Health News Review

I’ve blogged in the past about TV news operations accepting sponsored news deals with local medical centers. In these deals, oftentimes the news only includes perspectives from that sponsoring hospital.

Now, in the first instance I’m aware of, the trend has come to newspapers. The HometownAnnapolis.com website of The Capital newspaper yesterday announced:

Partnership should improve health coverage

Published March 16, 2008
By TOM MARQUARDT

In today’s editions we are experimenting with a new concept that could alarm some readers: Anne Arundel Medical Center, or AAMC, has paid us to provide content for our Health & Fitness page once a month.

Newspapers don’t normally sell access to news pages, and certainly we would not give away content privileges on any other news page. I’m sure County Executive John Leopold would love to have his staff write the stories for the front page, but that’s not going to happen for any price.
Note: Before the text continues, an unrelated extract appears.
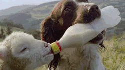 這只小狗正在幫助主人喂養小羊羔。
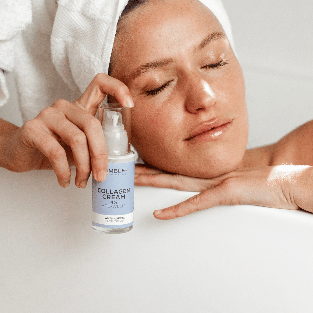 C’est pourquoi nous avons créé la Crème visage au collagène marin Humble+. Avec sa concentration inédite de 4 % de collagène marin breveté Naticol®, la plus élevée du marché, elle agit efficacement sur la fermeté et la réduction des rides. Sa performance est renforcée par une synergie In & Out, lorsque la crème est associée à la prise quotidienne de collagène marin Humble+.

But partnering with the hospital on the Health page seemed to make sense. We don’t have a health reporter to write about medical issues and often use stories from syndicated services that quote doctors from other cities.

The local hospital is giving us stories about local physicians and programs it has to offer – in their words, without an effort to balance the copy with comments from other hospitals or from doctors who don’t practice at AAMC.

The stories are written in newspaper style and the hospital staff is responsible for the page’s design. To be open and transparent about the partnership, a disclaimer is clearly displayed at the top of the page.

I’m not entirely comfortable with the arrangement, purely for journalistic reasons. But in the end I think the reader benefits – and that’s my goal.

Instead of generic stories originating from another city, the reader will have local news featuring people they recognize, doctors they use and services that are available to them. The hospital staff is getting to the stories we are not able to write because of other priorities.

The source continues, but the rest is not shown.